What you need to do => Your copy of the data below must be exact and must leave out all pictures.

Provided data =>
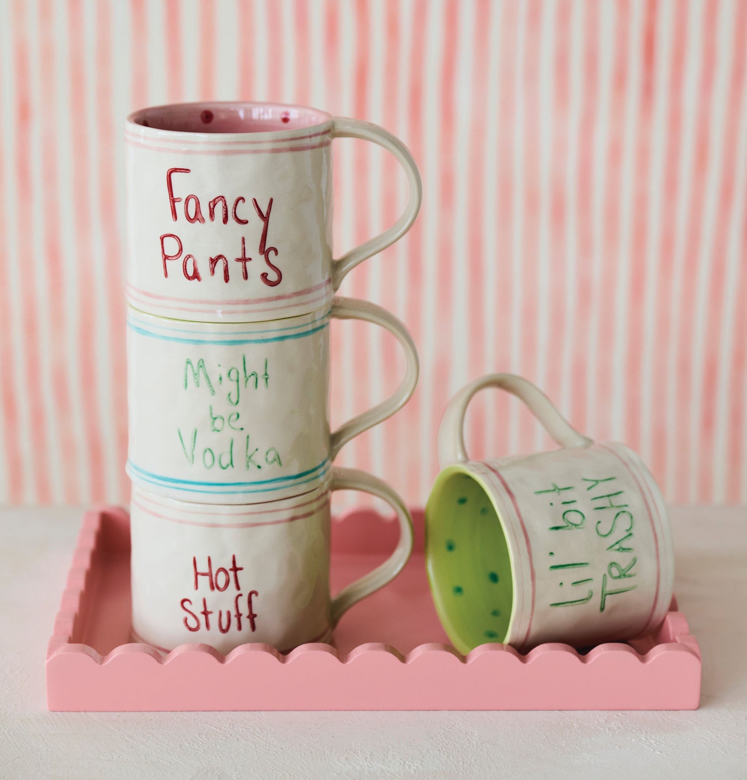 Start your day wrapped in a little happiness. These hand-painted stoneware mugs from Hazel Mazel feature cheerful written sayings and playful multicolor designs, making every sip feel extra special. Each mug has its own personality, with four unique styles to choose from, perfect for mixing, matching, or gifting.
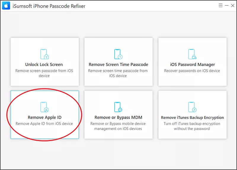 Paso 2: Abra iSoft iPhone Passcode Refixer en su computadora y seleccione la opción Eliminar ID de Apple.
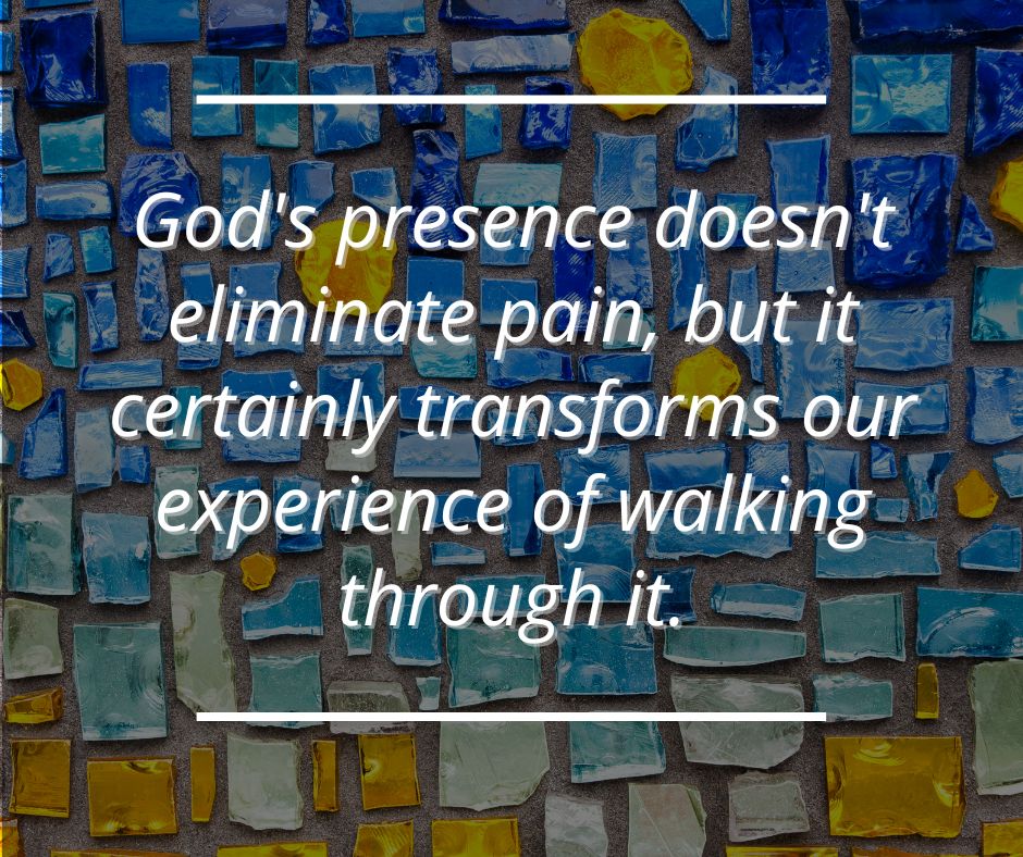 God's presence doesn't eliminate pain, but it indeed transforms our experience of walking through it. I encourage you today to remove any expectation that you should be "over this” by now. We serve a God who is patient and kind, who never leaves nor forsakes us. He's more patient with you than you are with yourself.
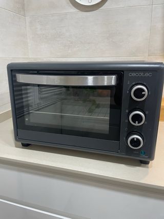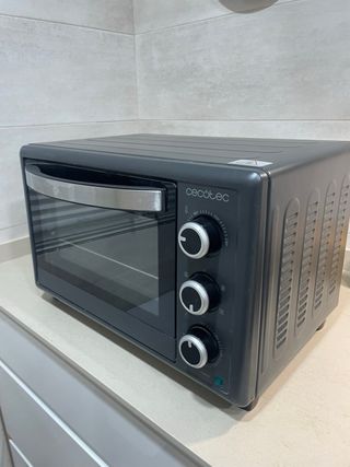 Horno eléctrico Cecotec de color negro. - Diseño compacto y moderno. - Puerta con cristal. - Mandos giratorios para control de temperatura y tiempo.
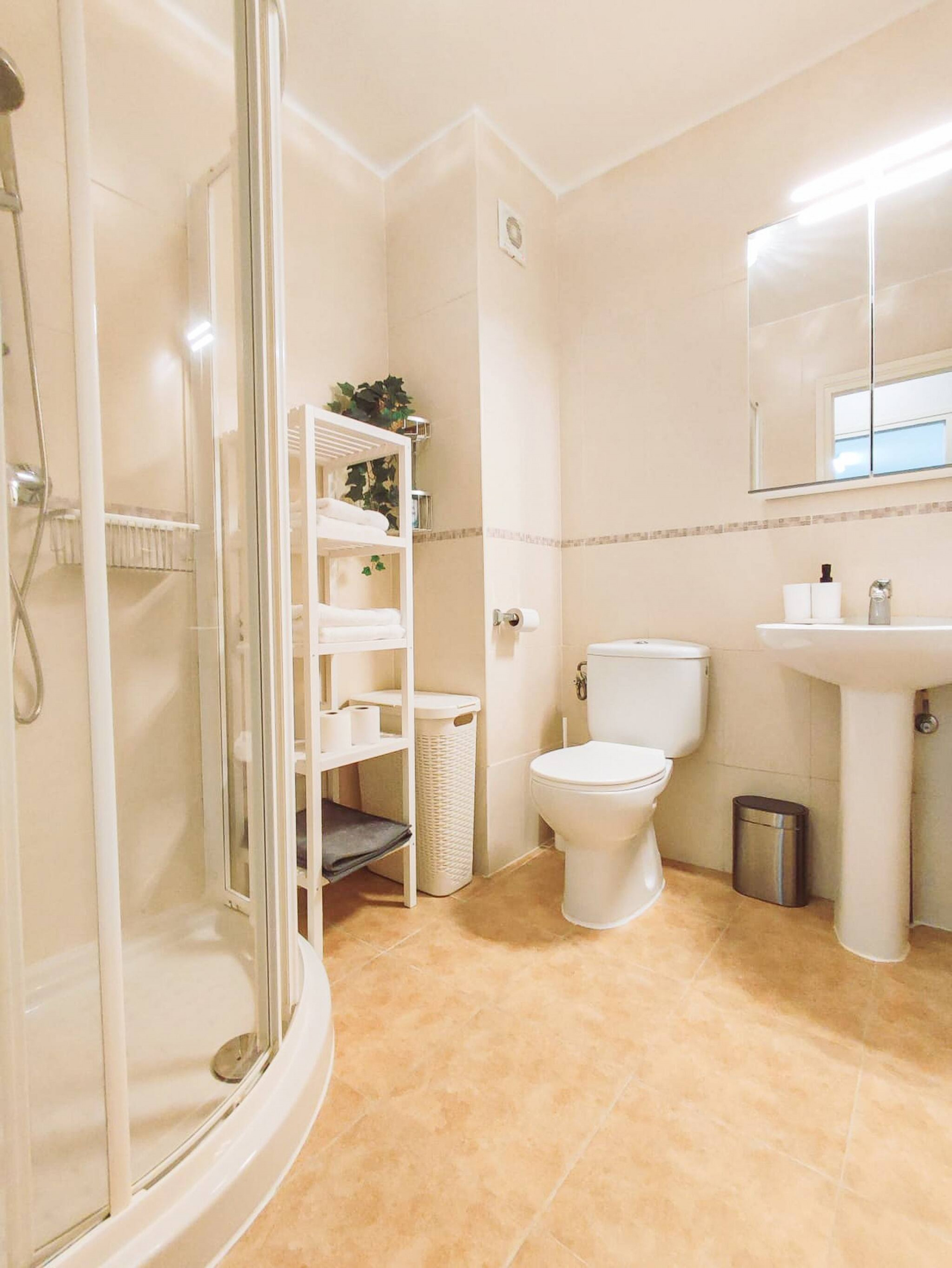 Corner shower with sliding doors, free standing sink, wooden shelf, wall cupboard with mirror and lights, WC

Result =>
 Start your day wrapped in a little happiness. These hand-painted stoneware mugs from Hazel Mazel feature cheerful written sayings and playful multicolor designs, making every sip feel extra special. Each mug has its own personality, with four unique styles to choose from, perfect for mixing, matching, or gifting.
 Paso 2: Abra iSoft iPhone Passcode Refixer en su computadora y seleccione la opción Eliminar ID de Apple.
 God's presence doesn't eliminate pain, but it indeed transforms our experience of walking through it. I encourage you today to remove any expectation that you should be "over this” by now. We serve a God who is patient and kind, who never leaves nor forsakes us. He's more patient with you than you are with yourself.
 Horno eléctrico Cecotec de color negro. - Diseño compacto y moderno. - Puerta con cristal. - Mandos giratorios para control de temperatura y tiempo.
 Corner shower with sliding doors, free standing sink, wooden shelf, wall cupboard with mirror and lights, WC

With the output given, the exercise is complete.